Ash took advantage of the Rhoi's reward for the first time, and ventured into the largest collection of books she'd ever seen. The librarian was happy to point her toward works that dealt with skarl and shifters, but Ash didn't learn much of use, other than there was no reason to presume that the shapeshifter wouldn't be as difficult to deal with as a real skarl. The skarl of Naggol, 'cursed' like most of that large island's fauna with strange mutations and powers, could not be damaged – or even touched – by ordinary weapons. They were part shadow, insubstantial at will.
Accepting that the books were not going to provide an easy solution, Ash decided she might as well take the opportunity to start her original library project. First, she unrolled a detailed map of Aremal. It was a huge Rhoimarch, more than four times Montmoth's size, and she almost decided that Pembury didn't exist, but eventually located a tiny notation southwest of the capital.
She tapped the map thoughtfully, and then turned to genealogies and histories. Thornaster's mother was a cousin of Aremal's Rhoi, or so he'd claimed. That was probably true, since he had the abilities of Luin and Astenar's bloodline.

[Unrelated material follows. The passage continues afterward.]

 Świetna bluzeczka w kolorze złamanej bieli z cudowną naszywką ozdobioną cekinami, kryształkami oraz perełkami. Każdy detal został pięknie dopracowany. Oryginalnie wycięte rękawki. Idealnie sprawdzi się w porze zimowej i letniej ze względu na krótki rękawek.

The Estarrels were of such importance that even Montmoth kept a detailed family tree. The current Aremish Rhoi, Vorlan Estarrel, and his wife Kintairy, were listed at the bottom of the enormous sheet of heavy paper, their three children – Romar, Cenaria and Morrion – mere notations below. Above, hundreds upon hundreds of names in minute script. The Rhoi had two first cousins, both male, three second cousins and a number of more distant connections, then a host who could claim extremely tenuous relations. None of the women were named Thornaster, or had married a man named Thornaster. Ash skimmed through the entire genealogy and could not find the name Thornaster anywhere.
Had he lied? He had sounded sincere when he'd assured her that he was the Visel of Pembury. Staring at the closely written sheet, Ash suddenly laughed, spotting an obvious subterfuge. But surely someone had worked this out before her? The rolled sheet had been suspiciously clean of dust.

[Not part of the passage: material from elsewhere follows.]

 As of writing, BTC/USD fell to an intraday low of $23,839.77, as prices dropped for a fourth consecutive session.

The discovery made her decision more difficult. He had lied to her, told her he was Rion Thornaster, Visel of Pembury, and she had not been able to spot the lie. Dare she trust him? More to the point, did he trust her? Playing an impish teen had its disadvantages, and the response to the plan she'd spent the last day considering was too likely to be "the Guard will take over." Ash could not gamble this chance to capture Genevieve's killer on Thornaster's opinion of her.
He had allowed her to ride Arth.
This was probably not a solid basis for an important decision, but it settled Ash's mind, at least enough to postpone the question and engage properly in the afternoon's session at the Mern. After a discussion on why Luinsels should not excessively purify water, she even found positive aspects to swordplay.
"Lauren didn't come at me immediately, just because I was holding a sword," she told Thornaster as they walked back to his apartment. "It would give me time to put a knife in him."
"You could just use the sword, stripling. Though a knife in reserve is not a bad idea. So you've decided that I'm not totally wasting your time with my lessons, have you?"
"I never thought they were a total waste of time."
"You have some talent for the sword, you know."
She looked at him with patent disbelief, and he laughed.
"I have never met anyone so inclined to doubt my word, Ash. With a little, no, to be honest, several years of instruction, you would be a competent enough swordsman. You have the reflexes and the coordination for it. If, perhaps, not the eager attitude I am used to."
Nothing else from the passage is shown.